I thought about that for a minute. “Is this a common thing?”

“It is, but it typically manifests in back pain.”

“Then why the heart this time?”

“Look at you,” she said. “You’re strong as an ox. I’m guessing you’ve never had the slightest back pain, am I right?”

“You are.”

“So your mind knows you wouldn’t believe a back pain. The subconscious mind is very clever. It won’t create a pain that can be ignored or put off . It takes advantage of you by creating something so convincing, you have to focus on it. In your case I’m going to go out on a limb and guess your father, or someone close to you, died of a heart attack.”

I could feel her looking at me, hoping for a reaction.

“So you’re saying the pain is only a smokescreen, something my subconscious mind created to distract me from what I was doing at the time.”

“That’s correct. Be glad it wasn’t colitis.”

“Colitis?”

“That’s the worst of the psychosomatic pains.”

“Worse than the heart?”

“Far worse.”

“Fair enough,” I said. “But as we discussed, what I was doing at the time is something I’ve done many times before.”

“Think it through, Donovan.
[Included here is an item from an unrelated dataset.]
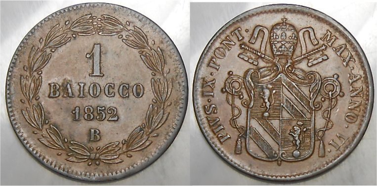 1 baiocco secondo periodo (1852 - Bologna) Entrambe le facce | Sat 14/02/15 - 13:41 | |||

I’ll bet there was something different about that particular time.”

So she was saying that my mind didn’t want me to kill the Peterson sisters. No, it was more than that. My mind tried to prevent me from killing them. But why? I’d killed dozens—okay, more than a hundred—people before. What made the Petersons different? It couldn’t be that they were women. I’ve killed women before, with no pains or afterthoughts. It couldn’t be that I’m going soft, because I’d recently killed Ned Denhollen without the first sign of chest pains.